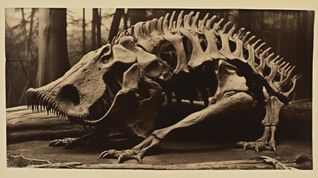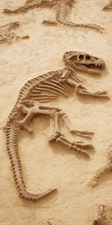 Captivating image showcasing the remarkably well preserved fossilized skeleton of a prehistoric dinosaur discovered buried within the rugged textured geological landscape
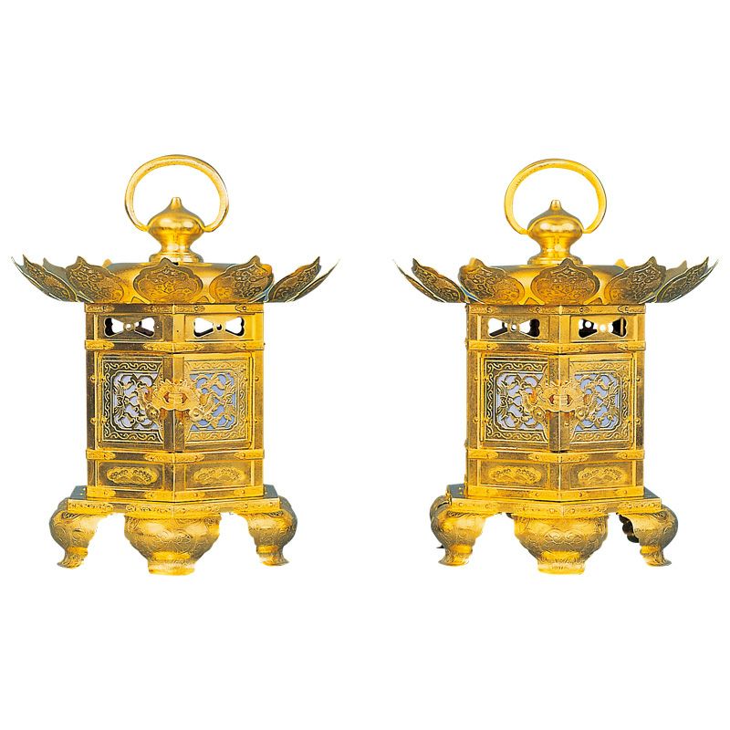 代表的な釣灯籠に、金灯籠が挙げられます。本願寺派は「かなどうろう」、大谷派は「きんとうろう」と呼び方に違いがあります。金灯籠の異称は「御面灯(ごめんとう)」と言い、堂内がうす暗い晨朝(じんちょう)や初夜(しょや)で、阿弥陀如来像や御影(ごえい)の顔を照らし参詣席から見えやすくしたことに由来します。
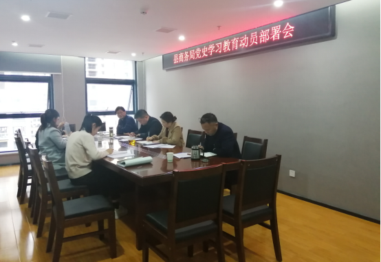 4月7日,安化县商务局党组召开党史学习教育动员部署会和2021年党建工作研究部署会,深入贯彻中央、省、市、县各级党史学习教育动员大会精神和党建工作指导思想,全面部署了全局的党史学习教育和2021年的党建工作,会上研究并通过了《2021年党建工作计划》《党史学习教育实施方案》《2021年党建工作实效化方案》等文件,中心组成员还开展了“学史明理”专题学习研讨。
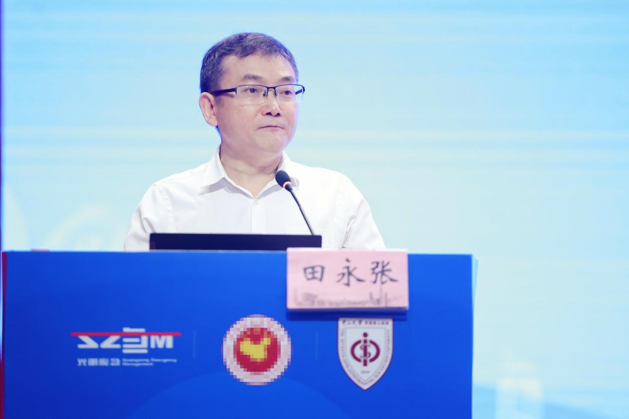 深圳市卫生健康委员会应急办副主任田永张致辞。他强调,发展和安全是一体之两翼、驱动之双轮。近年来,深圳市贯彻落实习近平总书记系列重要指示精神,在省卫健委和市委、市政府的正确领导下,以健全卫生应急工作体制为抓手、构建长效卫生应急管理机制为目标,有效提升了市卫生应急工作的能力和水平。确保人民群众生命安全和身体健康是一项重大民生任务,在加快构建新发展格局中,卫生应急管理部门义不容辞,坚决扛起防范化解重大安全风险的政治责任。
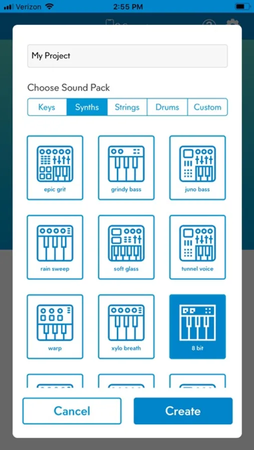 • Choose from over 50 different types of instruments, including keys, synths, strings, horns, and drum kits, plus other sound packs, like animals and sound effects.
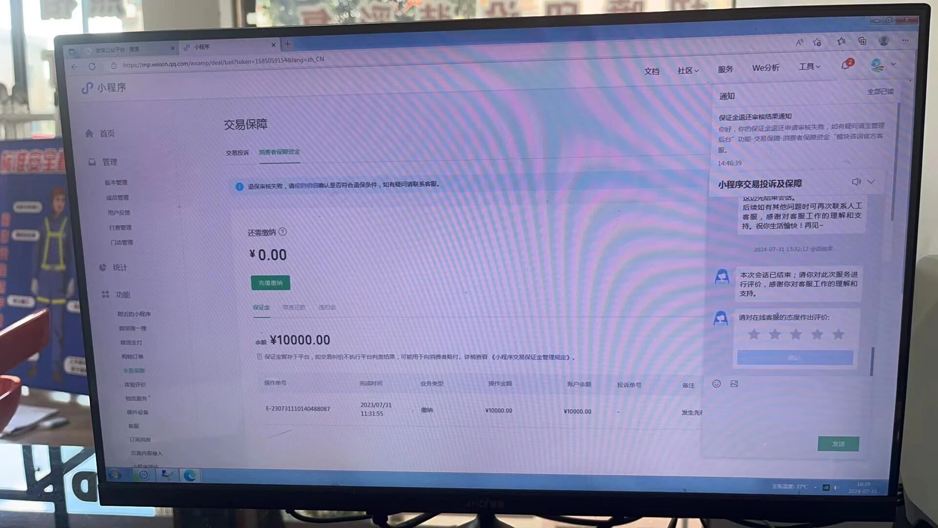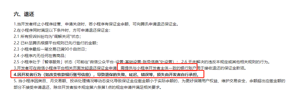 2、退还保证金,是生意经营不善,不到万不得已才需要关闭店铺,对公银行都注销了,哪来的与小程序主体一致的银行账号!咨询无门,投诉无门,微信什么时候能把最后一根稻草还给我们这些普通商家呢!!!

*****

Work to be completed. With the pictures removed, return the listing above in its exact original wording.

Output for this exercise.
 Captivating image showcasing the remarkably well preserved fossilized skeleton of a prehistoric dinosaur discovered buried within the rugged textured geological landscape
 代表的な釣灯籠に、金灯籠が挙げられます。本願寺派は「かなどうろう」、大谷派は「きんとうろう」と呼び方に違いがあります。金灯籠の異称は「御面灯(ごめんとう)」と言い、堂内がうす暗い晨朝(じんちょう)や初夜(しょや)で、阿弥陀如来像や御影(ごえい)の顔を照らし参詣席から見えやすくしたことに由来します。
 4月7日,安化县商务局党组召开党史学习教育动员部署会和2021年党建工作研究部署会,深入贯彻中央、省、市、县各级党史学习教育动员大会精神和党建工作指导思想,全面部署了全局的党史学习教育和2021年的党建工作,会上研究并通过了《2021年党建工作计划》《党史学习教育实施方案》《2021年党建工作实效化方案》等文件,中心组成员还开展了“学史明理”专题学习研讨。
 深圳市卫生健康委员会应急办副主任田永张致辞。他强调,发展和安全是一体之两翼、驱动之双轮。近年来,深圳市贯彻落实习近平总书记系列重要指示精神,在省卫健委和市委、市政府的正确领导下,以健全卫生应急工作体制为抓手、构建长效卫生应急管理机制为目标,有效提升了市卫生应急工作的能力和水平。确保人民群众生命安全和身体健康是一项重大民生任务,在加快构建新发展格局中,卫生应急管理部门义不容辞,坚决扛起防范化解重大安全风险的政治责任。
 • Choose from over 50 different types of instruments, including keys, synths, strings, horns, and drum kits, plus other sound packs, like animals and sound effects.
 2、退还保证金,是生意经营不善,不到万不得已才需要关闭店铺,对公银行都注销了,哪来的与小程序主体一致的银行账号!咨询无门,投诉无门,微信什么时候能把最后一根稻草还给我们这些普通商家呢!!!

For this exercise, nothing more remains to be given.